How to complete this task
The answer is the full set of records, given again exactly and without images.

Material for this exercise
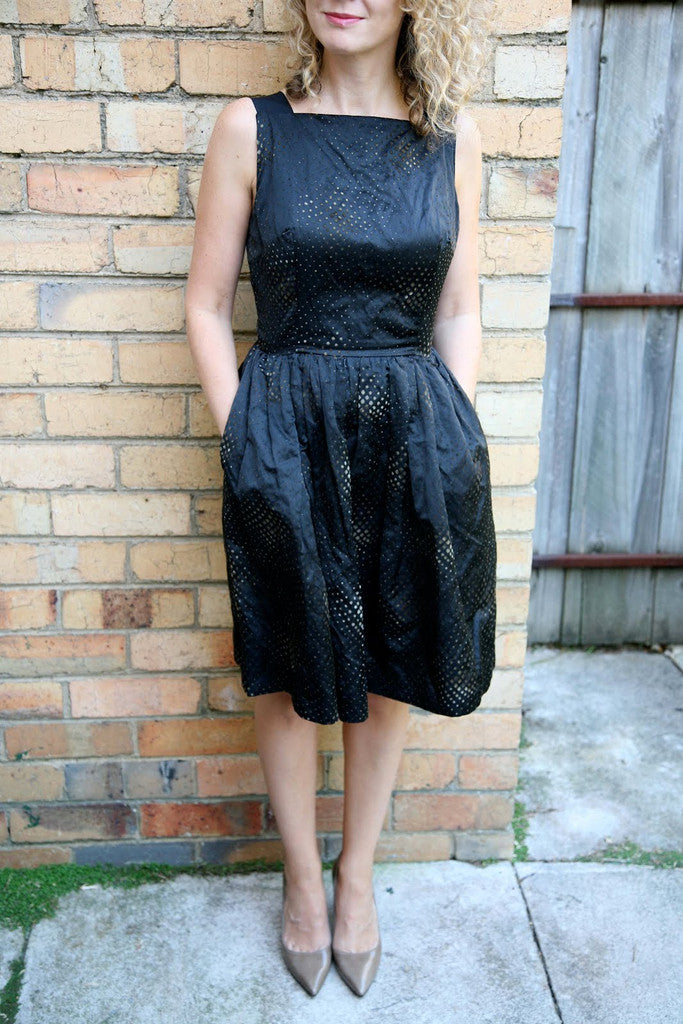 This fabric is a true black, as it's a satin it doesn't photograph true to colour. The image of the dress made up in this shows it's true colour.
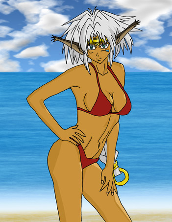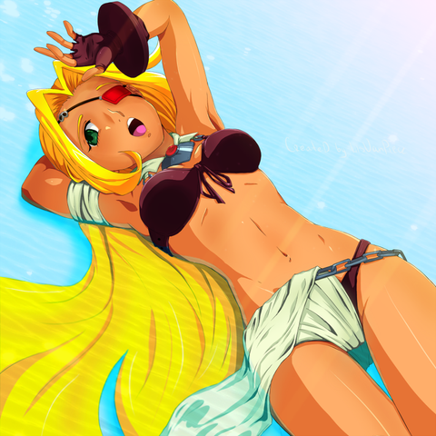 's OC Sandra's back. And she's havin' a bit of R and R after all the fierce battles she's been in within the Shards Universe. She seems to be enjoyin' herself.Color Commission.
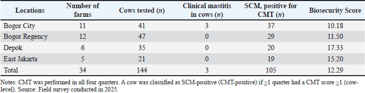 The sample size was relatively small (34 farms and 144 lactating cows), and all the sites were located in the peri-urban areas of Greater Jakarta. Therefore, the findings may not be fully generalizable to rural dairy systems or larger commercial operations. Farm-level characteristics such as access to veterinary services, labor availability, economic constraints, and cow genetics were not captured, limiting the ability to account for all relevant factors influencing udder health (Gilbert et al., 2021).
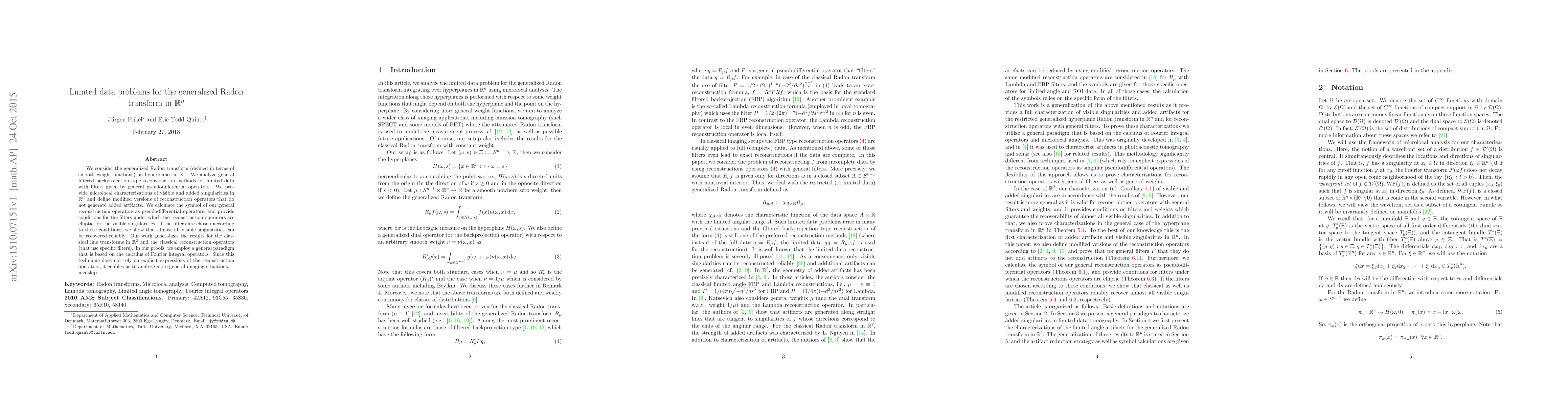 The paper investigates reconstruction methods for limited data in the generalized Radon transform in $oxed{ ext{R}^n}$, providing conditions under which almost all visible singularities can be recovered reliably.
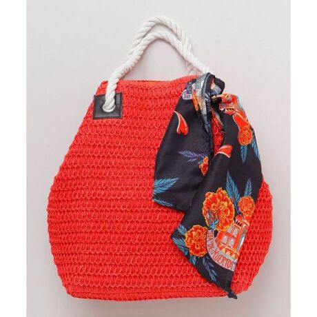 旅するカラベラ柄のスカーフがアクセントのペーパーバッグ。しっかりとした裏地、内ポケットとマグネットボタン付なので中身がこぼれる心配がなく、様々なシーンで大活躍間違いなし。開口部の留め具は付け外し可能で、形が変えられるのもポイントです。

Task output
 This fabric is a true black, as it's a satin it doesn't photograph true to colour. The image of the dress made up in this shows it's true colour.
 's OC Sandra's back. And she's havin' a bit of R and R after all the fierce battles she's been in within the Shards Universe. She seems to be enjoyin' herself.Color Commission.
 The sample size was relatively small (34 farms and 144 lactating cows), and all the sites were located in the peri-urban areas of Greater Jakarta. Therefore, the findings may not be fully generalizable to rural dairy systems or larger commercial operations. Farm-level characteristics such as access to veterinary services, labor availability, economic constraints, and cow genetics were not captured, limiting the ability to account for all relevant factors influencing udder health (Gilbert et al., 2021).
 The paper investigates reconstruction methods for limited data in the generalized Radon transform in $oxed{ ext{R}^n}$, providing conditions under which almost all visible singularities can be recovered reliably.
 旅するカラベラ柄のスカーフがアクセントのペーパーバッグ。しっかりとした裏地、内ポケットとマグネットボタン付なので中身がこぼれる心配がなく、様々なシーンで大活躍間違いなし。開口部の留め具は付け外し可能で、形が変えられるのもポイントです。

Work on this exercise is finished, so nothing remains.